The National party has followed through on its election
promises threats with a welfare policy that requires beneficiaries to look for jobs. As soon as their youngest child is five years old, sole parents will be required to look for part time work, or should they happen to have another baby while they are already on benefit, then back to work they go as when that baby is just one year old. It’s punitive.
Any job will do, no matter how ill paid. And many jobs are very lowly paid in New Zealand, because it’s always cheaper to put another labourer on the chain gang, instead of investing in better equipment, or more advanced technology, or anything that might have the sad consequence of requiring a more highly paid worker, because it takes greater skills to operate the machinery and do the job.

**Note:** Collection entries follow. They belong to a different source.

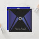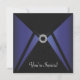 Convite de festa e evento com design elegante preto e azul-marinho com acabamento preto e diamante. Este modelo de design funciona bem como um convite para uma festa de aniversário, festa de cocktails, festa de Natal, evento corporativo, gala, festa de aposentadoria, festa de formatura e qualquer outra ocasião especial. Personalize com sua escolha de estilo de fonte e cor da fonte, e cor de fundo do verso. Este é um design impresso sem pedras preciosas, jóias, brilho, etc. reais.
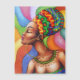ファッション化されたアフリカの女性のポートレート、ワックス生地の明るい色伝統的に囲まれて着るデザイン。オリジナルハンドスケッチ著作権BluedarkArt。
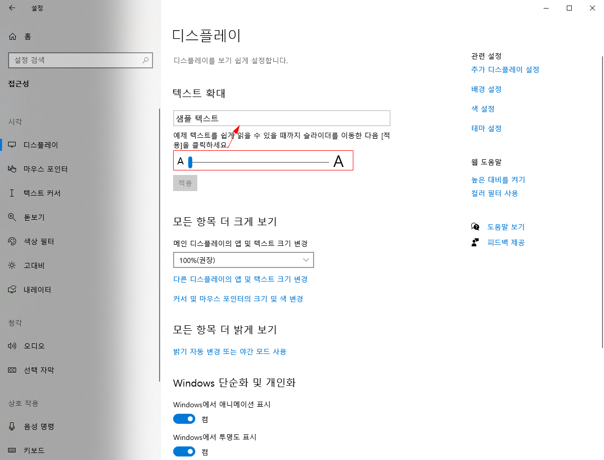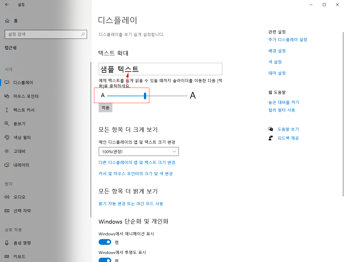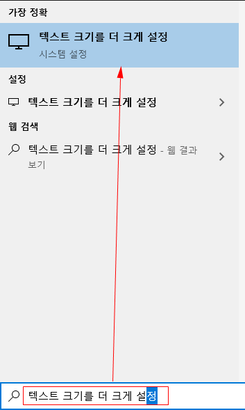윈도우 키를 눌러 "텍스트 크기를 더 크게 설정" 입력

The extent to which New Zealand employers always prefer the low tech low waged route is made plain to me every week, when our household rubbish is collected. Here in Greenhills, a reasonably well off heartland New Zealand city, we put our rubbish out in specially marked plastic bags. The city council rubbish truck drives up and down the streets, one worker driving, and another running from house to house, picking up the bags of rubbish and throwing them into the truck. It’s a highly manual process. Alongside the rubbish collection we have a recycling collection: plastics and paper one week, and bottles the next. The plastics and paper go into a large wheelie bin, which is picked up by a hoist on a truck, and swung into place and then tipped so that the contents fall into the recyling truck. It’s a mechanised process which needs only one worker. However in the other week we put out our tub full of bottles, which is picked up manually, very much as the rubbish is.

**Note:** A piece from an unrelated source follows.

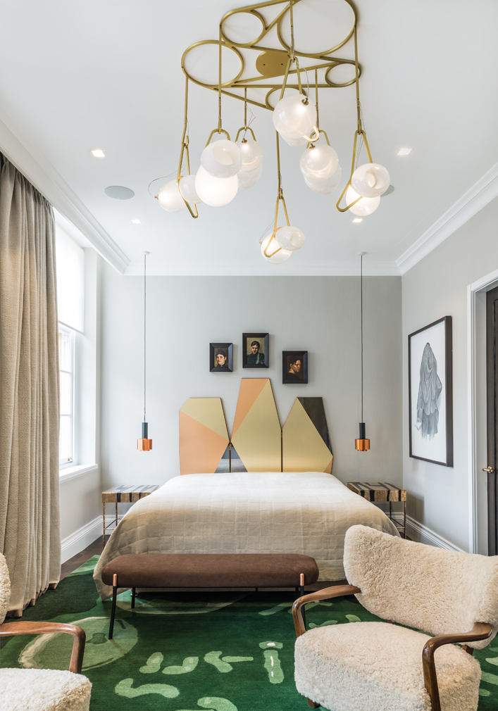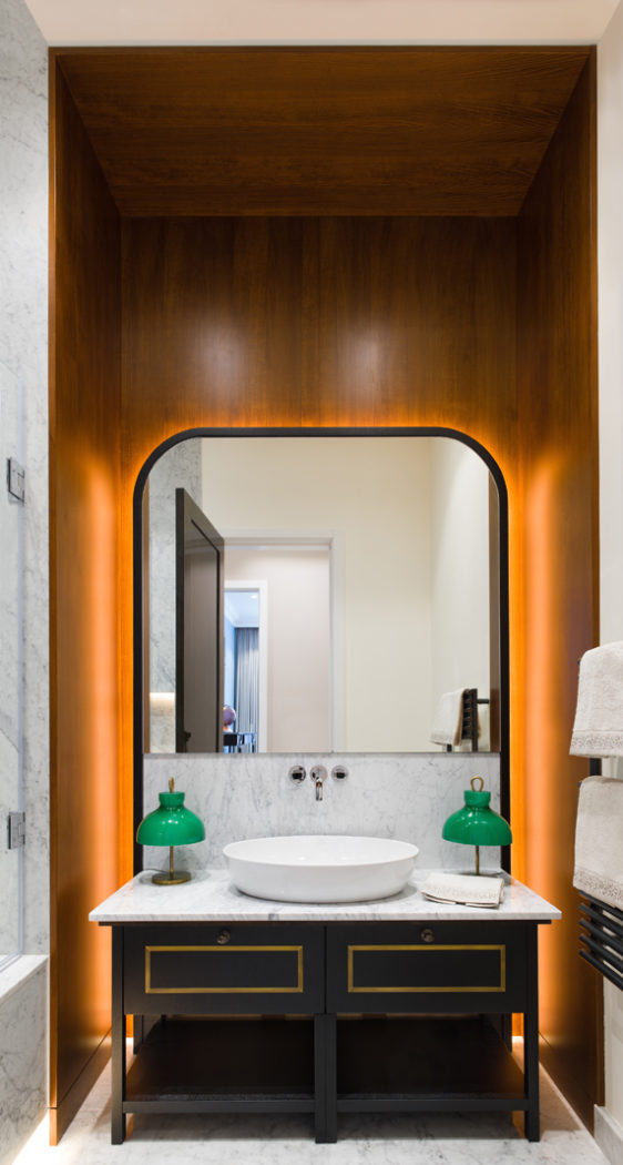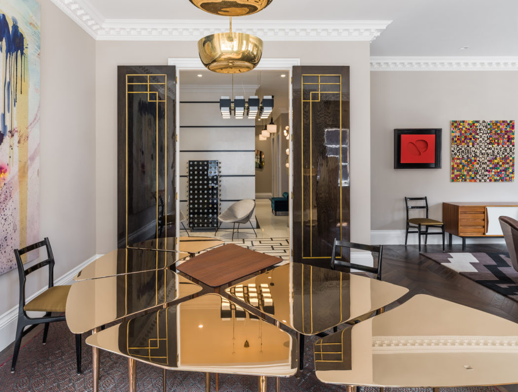 Misra’s role was fleshing out the bones of the 2,355 sq ft apartment – one of her own development projects – which features soaring 3-metre-high ceilings and chevron dark oak flooring throughout. Doors have been heightened to add drama and scale while the kitchen and bathroom are designed bespoke.

So just as happens in any first world city, our rubbish and recyling is collected, but here, it’s mostly done by people in low wage jobs, because the process is highly manual.
Back in Adelaide, each week we would put out two bins, one larger one for recyling, and a smaller one for rubbish. The recycling bin was divided into two compartments, one for glass and the other for paper and plastic and tin. The recycling truck, driven by just one person, used a hook and hoist system to pick the bin up and empty it into the truck. The truck was so designed that as the bin was swung into place for emptying, glass was tipped into one part, and other recyclables into another. Our rubbish bin was likewise collected by a truck driven by just one worker, because the entire process of lifting and emptying the bin was automated. One worker, on higher wages, because the job she or he was doing was more skilled. And because wages are in general higher in Australia, it’s worthwhile for employers to invest in better plant and machinery, so they can get greater leverage out of their wages bill. That better plant and machinery leads to greater production per worker. It’s a virtuous cycle: higher wages leading to greater investment in better plant and machinery leading to greater production leading to higher wages.

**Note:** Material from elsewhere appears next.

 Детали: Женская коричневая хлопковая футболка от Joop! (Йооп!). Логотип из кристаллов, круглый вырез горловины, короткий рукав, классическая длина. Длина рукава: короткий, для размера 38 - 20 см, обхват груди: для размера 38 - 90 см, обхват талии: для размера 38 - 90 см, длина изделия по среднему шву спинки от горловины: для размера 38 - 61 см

Wages are low in New Zealand. So low that it is always cheaper to put on an extra worker instead of upgrading plant and machinery. Employers have no incentive to invest in new plant and equipment, because the same end can be achieved by adding another worker. And that has the advantage that when times are tough, the worker can be laid off, and the employer’s machinery isn’t lying idle. It’s a vicious cycle: low wages leading to less investment in plant and machinery, and even lower wages in bad times as workers get laid off.
And now National is driving more and more low wage workers into the job market. Yes, some of those sole parents will have valuable skills, but by definition, they are going to need flexible work where employers won’t mind too much if they have to leave at a moment’s notice to tend to sick children, or take time off to get to parent-teacher meetings, or only work between say nine and three, or take 12 weeks leave every year to cover school holidays. People who need to have work patterns that fit in with the needs of children very rarely have the ability to demand high wages as well as flexibility.
I begin to see a strategy for driving wages down even further, so that New Zealand can become an assembly line country. How’s that for a 21st century vision?